Regarding nandrolone or GH treatment, too few studies have been performed to form a firm basis for treatment recommendations after hip fracture. Nandrolone decanoate may turn out to be an option in selected female patients because of its possible positive effects on lean body mass, relative ease of administration, and low costs. There is more of a questionmark over GH, however. It appears less likely to emerge as a feasible treatment alternative.

Several lines of evidence suggest that systemic inflammation following injury/surgery/disease is one delineator of non-response to nutrition treatment (Cederholm and Hellström 1995, Creutzberg et al. 2000, Paillaud et al. 2000). This is not surprising given the fact that inflammation causes insulin resistance; in essence, the patient develops a metabolic situation that is similar to chronic untreated type-2 diabetes (Thorell et al. 1999). Pharmacological modulation of the inflammatory response by use of substances such as thalidomide, pentoxifylline and dronabinol may be one way to promote anabolism and stimulate the appetite in order to achieve improved lean body mass. This remains to be shown.

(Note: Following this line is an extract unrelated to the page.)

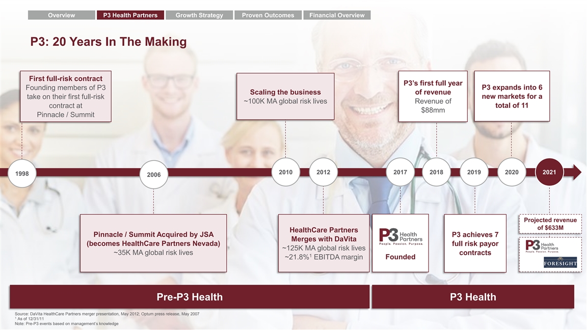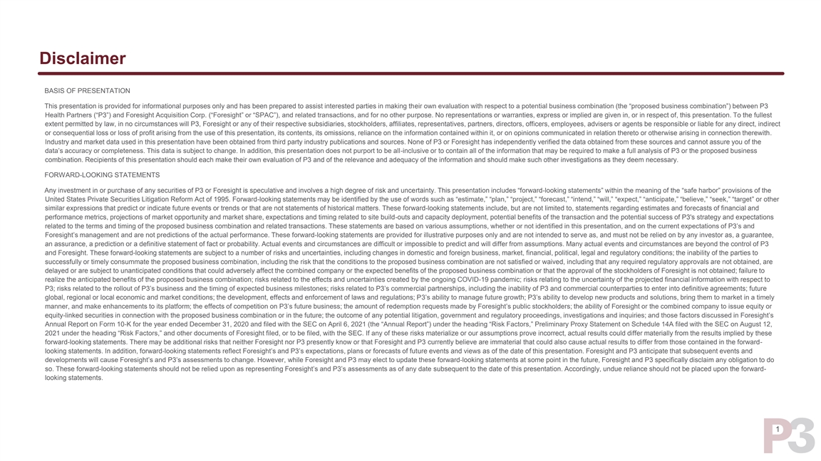 Disclaimer BASIS OF PRESENTATION This presentation is provided for informational purposes only and has been prepared to assist interested parties in making their own evaluation with respect to a potential business combination (the “proposed business combination”) between P3 Health Partners (“P3”) and Foresight Acquisition Corp. (“Foresight” or “SPAC”), and related transactions, and for no other purpose. No representations or warranties, express or implied are given in, or in respect of, this presentation. To the fullest extent permitted by law, in no circumstances will P3, Foresight or any of their respective subsidiaries, stockholders, affiliates, representatives, partners, directors, officers, employees, advisers or agents be responsible or liable for any direct, indirect or consequential loss or loss of profit arising from the use of this presentation, its contents, its omissions, reliance on the information contained within it, or on opinions communicated in relation thereto or otherwise arising in connection therewith. Industry and market data used in this presentation have been obtained from third party industry publications and sources. None of P3 or Foresight has independently verified the data obtained from these sources and cannot assure you of the data’s accuracy or completeness. This data is subject to change. In addition, this presentation does not purport to be all-inclusive or to contain all of the information that may be required to make a full analysis of P3 or the proposed business combination. Recipients of this presentation should each make their own evaluation of P3 and of the relevance and adequacy of the information and should make such other investigations as they deem necessary. FORWARD-LOOKING STATEMENTS Any investment in or purchase of any securities of P3 or Foresight is speculative and involves a high degree of risk and uncertainty. This presentation includes “forward-looking statements” within the meaning of the “safe harbor” provisions of the United States Private Securities Litigation Reform Act of 1995. Forward-looking statements may be identified by the use of words such as “estimate,” “plan,” “project,” “forecast,” “intend,” “will,” “expect,” “anticipate,” “believe,” “seek,” “target” or other similar expressions that predict or indicate future events or trends or that are not statements of historical matters. These forward-looking statements include, but are not limited to, statements regarding estimates and forecasts of financial and performance metrics, projections of market opportunity and market share, expectations and timing related to site build-outs and capacity deployment, potential benefits of the transaction and the potential success of P3's strategy and expectations related to the terms and timing of the proposed business combination and related transactions. These statements are based on various assumptions, whether or not identified in this presentation, and on the current expectations of P3’s and Foresight’s management and are not predictions of the actual performance. These forward-looking statements are provided for illustrative purposes only and are not intended to serve as, and must not be relied on by any investor as, a guarantee, an assurance, a prediction or a definitive statement of fact or probability. Actual events and circumstances are difficult or impossible to predict and will differ from assumptions. Many actual events and circumstances are beyond the control of P3 and Foresight. These forward-looking statements are subject to a number of risks and uncertainties, including changes in domestic and foreign business, market, financial, political, legal and regulatory conditions; the inability of the parties to successfully or timely consummate the proposed business combination, including the risk that the conditions to the proposed business combination are not satisfied or waived, including that any required regulatory approvals are not obtained, are delayed or are subject to unanticipated conditions that could adversely affect the combined company or the expected benefits of the proposed business combination or that the approval of the stockholders of Foresight is not obtained; failure to realize the anticipated benefits of the proposed business combination; risks related to the effects and uncertainties created by the ongoing COVID-19 pandemic; risks relating to the uncertainty of the projected financial information with respect to P3; risks related to the rollout of P3’s business and the timing of expected business milestones; risks related to P3’s commercial partnerships, including the inability of P3 and commercial counterparties to enter into definitive agreements; future global, regional or local economic and market conditions; the development, effects and enforcement of laws and regulations; P3’s ability to manage future growth; P3’s ability to develop new products and solutions, bring them to market in a timely manner, and make enhancements to its platform; the effects of competition on P3’s future business; the amount of redemption requests made by Foresight’s public stockholders; the ability of Foresight or the combined company to issue equity or equity-linked securities in connection with the proposed business combination or in the future; the outcome of any potential litigation, government and regulatory proceedings, investigations and inquiries; and those factors discussed in Foresight’s Annual Report on Form 10-K for the year ended December 31, 2020 and filed with the SEC on April 6, 2021 (the “Annual Report”) under the heading “Risk Factors,” Preliminary Proxy Statement on Schedule 14A filed with the SEC on August 12, 2021 under the heading “Risk Factors,” and other documents of Foresight filed, or to be filed, with the SEC. If any of these risks materialize or our assumptions prove incorrect, actual results could

Physical exercise (Fiatarone et al. 1994) together with nutritional supplementation may be another yet virtually untried way to promote recovery after hip fracture. This method has been evaluated to some extent in case series using the so-called “fast track surgery” programs—a multimodal method to minimize the effect of the surgical stress response (Wilmore and Kehlet 2001). The optimized peroperative approach has been evaluated in a non-ran-domized study involving 100 consecutive patients with hip fractures; these patients were compared to 100 patients treated conventionally at the same hospital (Rasmussen et al. 2002) and there were fewer complications and a shorter hospital stay. The treatment program consisted of continuous epidural analgesia, oxygen supplementation, early oral nutrition with protein supplementation, and early vigorous mobilization.

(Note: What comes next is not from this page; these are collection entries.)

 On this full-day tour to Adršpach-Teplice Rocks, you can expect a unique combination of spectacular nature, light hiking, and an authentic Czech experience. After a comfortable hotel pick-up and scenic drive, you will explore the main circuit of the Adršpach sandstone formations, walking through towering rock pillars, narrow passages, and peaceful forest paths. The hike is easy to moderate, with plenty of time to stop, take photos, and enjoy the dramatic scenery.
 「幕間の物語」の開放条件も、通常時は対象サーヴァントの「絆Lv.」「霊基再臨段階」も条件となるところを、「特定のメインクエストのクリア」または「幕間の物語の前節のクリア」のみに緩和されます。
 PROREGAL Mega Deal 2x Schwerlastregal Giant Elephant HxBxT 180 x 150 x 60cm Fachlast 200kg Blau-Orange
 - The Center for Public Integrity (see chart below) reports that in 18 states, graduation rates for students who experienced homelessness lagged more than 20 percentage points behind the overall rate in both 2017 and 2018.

Two important issues to consider are why nutritional intervention studies have difficulty in meeting accepted quality criteria, i.e. the Consort statement, and how the scientific quality of the protocols may be improved. Problems appear to converge on the logistics surrounding placebo treatment, the blinding process, compliance and particularly the intention-to-treat analyses.

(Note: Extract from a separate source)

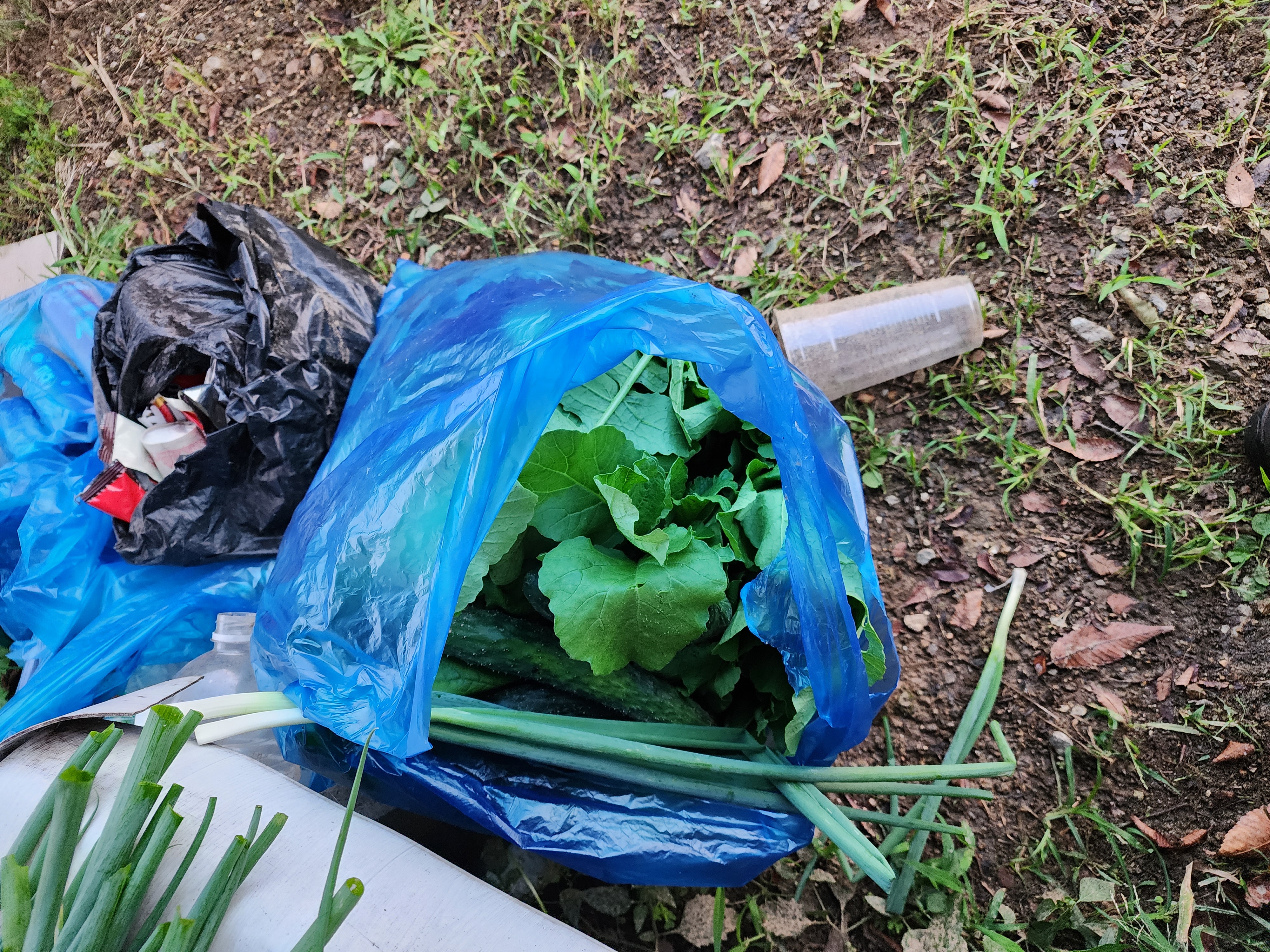 오늘은 무우 살충제 살포작업 쪽파 살충제 살포했 네요 고구마줄거리 따왔네요 애호박도 5개 따오고 가지수확 대략50개정도 고구마 수확하기전 몄 개 케봐는대 고구마가너무크네요 고추수확끝나고 고추대 다뽑았 습니다

Even though there are many uncertain factors in the interpretation of the studies reviewed, the data that are available seem to suggest that nutritional supplements, either alone as balanced or protein-rich liquid nutrient drinks or in combination with hormonal administration, may have positive effects on recovery when given to elderly hip fracture patients. The evidence is still weak, however, (Avenell and Handoll 2005) and further well-designed, well-performed randomized intervention studies are needed to confirm the possible positive effects reported so far.